▸ EXERCISE INSTRUCTIONS
An exact restatement of all the data is required, with the pictures left out.

▸ RECORDS PROVIDED
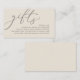 Celebrate the beginning of your journey together with our elegantly classy cream grey crafted "gifts" wedding invitation enclosed card. Featuring a sophisticated blend of modern script and romantic allure, each card is meticulously designed to convey the essence of your special day. Perfectly suited for couples seeking a unique way to share their honeymoon dreams, this card invites your loved ones to contribute towards unforgettable experiences. Whether nestled in a luxurious envelope or presented alongside your wedding invitations, our card adds a touch of enchantment to your celebration, promising cherished memories that last a lifetime. Designed by TeeshaDerrick.
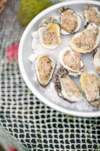 “Their non-traditional chocolate and peanut butter naked cake was a huge hit and the grilled oyster station delighted their guests from the East Coast.
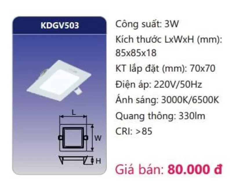 Công suất: 3W Kích thước LxWxH (mm): 85 x 85 x 18 Kích thước lắp đặt (mm): 70 x 70 Điện áp: 220V/50Hz Ánh sáng: 3000K/6500K Quang thông: 330lm CRI: >85
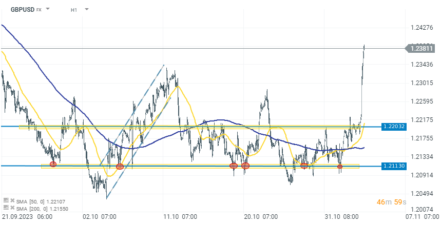 Pár GBPUSD se vyšplhal na šestitýdenní maximum a prolomil klíčové úrovně technické rezistence. Měnový pár vykazuje krátkodobou sílu. Zdroj: xStation 5
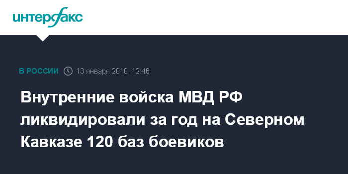 Внутренние войска МВД РФ ликвидировали за год на Северном Кавказе 120 баз боевиков
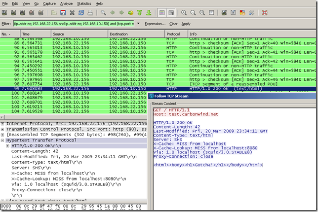 The Wireshark capture taken on the test.carbonwind.net web server shows that instead the GET request was routed to the 192.168.22.11 web server:
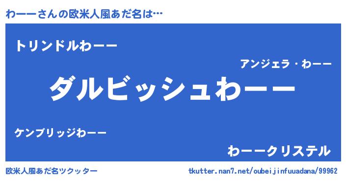 | 男性向けラノベタイトル風あだ名 | 『わーーという概念が存在しない退屈な世界 』 |
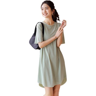 女打底裙纯色圆领家居睡裙大码 宽松中长裙冰丝连衣裙短袖 薄款 夏季
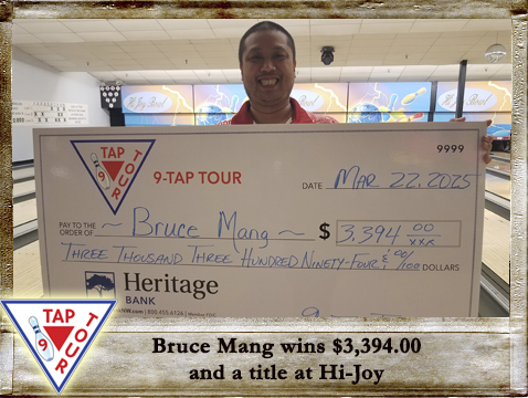 1st Place - Bruce Mang had the 'Bowling Day' of his life Saturday, earning his 1st Tour Title in the process! It's always fun for us, whenever a Tour Member wins and is as excited as Bruce was with his win. He barely shot his average in his first game but then got so HOT that he averaged a monstrous 70 pins per game over his average for his last 3 games. THAT'S HOT!!! Wearing his Dexter SST 8 shoes and throwing his Storm 'Absolute' ball, Bruce scored an 'out-of-body' 873. It was easily his best performance since joining the Tour last year and it included his highest game (266) and best series ever. He received a huge payday of $3,394.00 for his stellar performance. The only previous Top 5 finish Bruce had was a 2nd Place at Bowlero-Acme last year. Bruce wants to thank his mentor July Soun and his 9-Tap family for always believing in him. He had to take some time off the last 6 weeks because of a bad case of the flu, but boy did he come back better than ever! (not a recommended training proceedure)
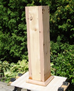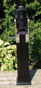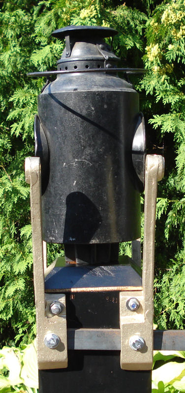 Below we see a replica train order system which John has constructed to begin rebuilding the train order signals used at Don Station. The blade and holder mounted on the train order signal is one that came from the Walmsley collection. The lantern portion is from the TRHA collection. John borrowed metal hardware from a friend who has his own train order signal and we had these parts duplicated (cast). When it is finally assembled on the roof with bell cranks and proper steel rods, it will operate in the same manner as the original did for about seventy years by pulling on handles to align the blade in the appropriate position to display the correct signal.
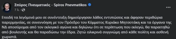 Σε ανάρτησή του στο Facebook την Παρασκευή, ο Σπύρος Πνευματικός απολογήθηκε εκ νέου για τη δήλωσή του και έκανε γνωστή την παραίτησή του.
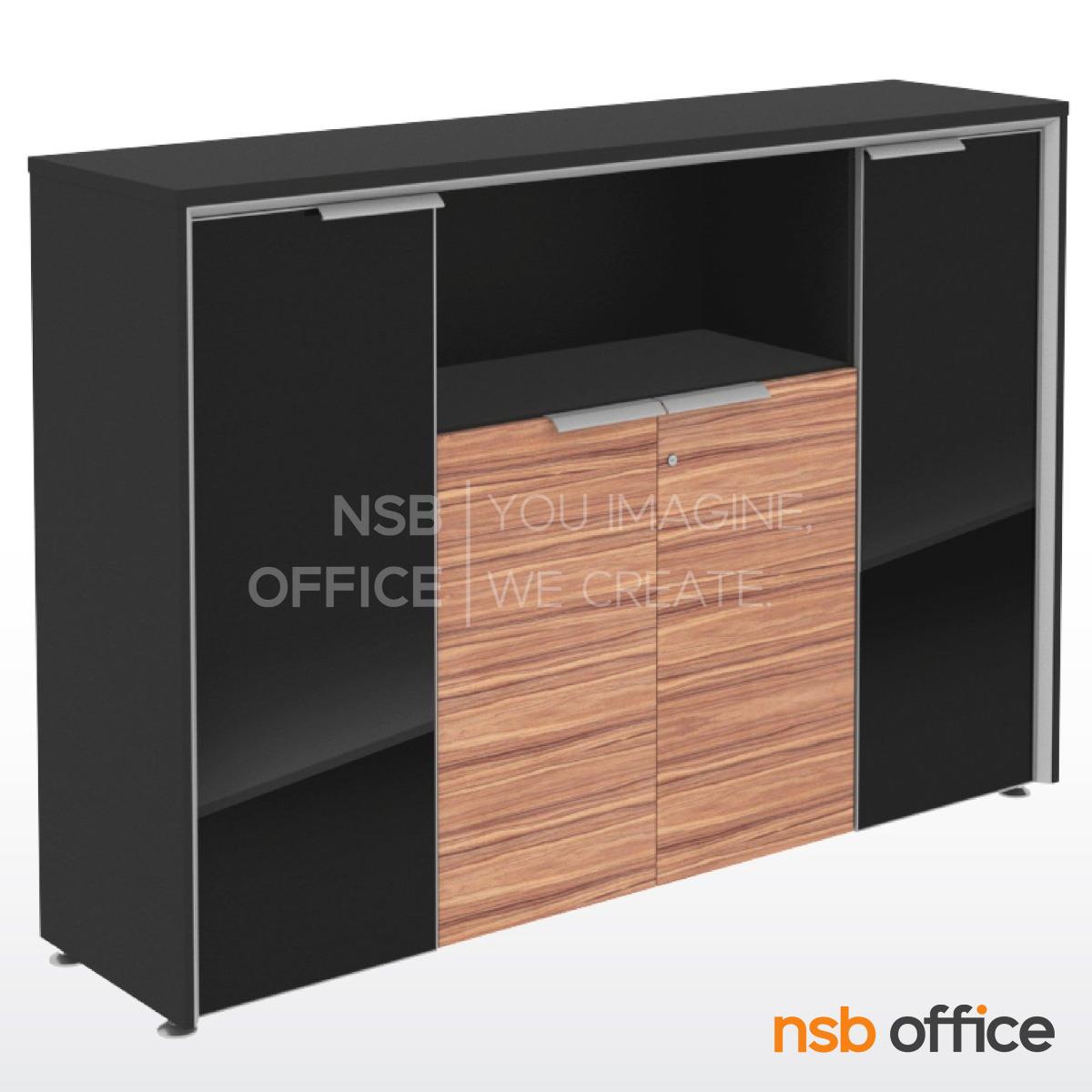 : ตู้เอกสาร สูง 126H cm. 4 บานเปิด 1 ช่องโล่ง รุ่น Mantis (แมนทิส) เมลามีน สีวอลนัทตัดดำ

▸ RESPONSE BELOW
 Celebrate the beginning of your journey together with our elegantly classy cream grey crafted "gifts" wedding invitation enclosed card. Featuring a sophisticated blend of modern script and romantic allure, each card is meticulously designed to convey the essence of your special day. Perfectly suited for couples seeking a unique way to share their honeymoon dreams, this card invites your loved ones to contribute towards unforgettable experiences. Whether nestled in a luxurious envelope or presented alongside your wedding invitations, our card adds a touch of enchantment to your celebration, promising cherished memories that last a lifetime. Designed by TeeshaDerrick.
 “Their non-traditional chocolate and peanut butter naked cake was a huge hit and the grilled oyster station delighted their guests from the East Coast.
 Công suất: 3W Kích thước LxWxH (mm): 85 x 85 x 18 Kích thước lắp đặt (mm): 70 x 70 Điện áp: 220V/50Hz Ánh sáng: 3000K/6500K Quang thông: 330lm CRI: >85
 Pár GBPUSD se vyšplhal na šestitýdenní maximum a prolomil klíčové úrovně technické rezistence. Měnový pár vykazuje krátkodobou sílu. Zdroj: xStation 5
 Внутренние войска МВД РФ ликвидировали за год на Северном Кавказе 120 баз боевиков
 The Wireshark capture taken on the test.carbonwind.net web server shows that instead the GET request was routed to the 192.168.22.11 web server:
 | 男性向けラノベタイトル風あだ名 | 『わーーという概念が存在しない退屈な世界 』 |
 女打底裙纯色圆领家居睡裙大码 宽松中长裙冰丝连衣裙短袖 薄款 夏季
 1st Place - Bruce Mang had the 'Bowling Day' of his life Saturday, earning his 1st Tour Title in the process! It's always fun for us, whenever a Tour Member wins and is as excited as Bruce was with his win. He barely shot his average in his first game but then got so HOT that he averaged a monstrous 70 pins per game over his average for his last 3 games. THAT'S HOT!!! Wearing his Dexter SST 8 shoes and throwing his Storm 'Absolute' ball, Bruce scored an 'out-of-body' 873. It was easily his best performance since joining the Tour last year and it included his highest game (266) and best series ever. He received a huge payday of $3,394.00 for his stellar performance. The only previous Top 5 finish Bruce had was a 2nd Place at Bowlero-Acme last year. Bruce wants to thank his mentor July Soun and his 9-Tap family for always believing in him. He had to take some time off the last 6 weeks because of a bad case of the flu, but boy did he come back better than ever! (not a recommended training proceedure)
 Below we see a replica train order system which John has constructed to begin rebuilding the train order signals used at Don Station. The blade and holder mounted on the train order signal is one that came from the Walmsley collection. The lantern portion is from the TRHA collection. John borrowed metal hardware from a friend who has his own train order signal and we had these parts duplicated (cast). When it is finally assembled on the roof with bell cranks and proper steel rods, it will operate in the same manner as the original did for about seventy years by pulling on handles to align the blade in the appropriate position to display the correct signal.
 Σε ανάρτησή του στο Facebook την Παρασκευή, ο Σπύρος Πνευματικός απολογήθηκε εκ νέου για τη δήλωσή του και έκανε γνωστή την παραίτησή του.
 : ตู้เอกสาร สูง 126H cm. 4 บานเปิด 1 ช่องโล่ง รุ่น Mantis (แมนทิส) เมลามีน สีวอลนัทตัดดำ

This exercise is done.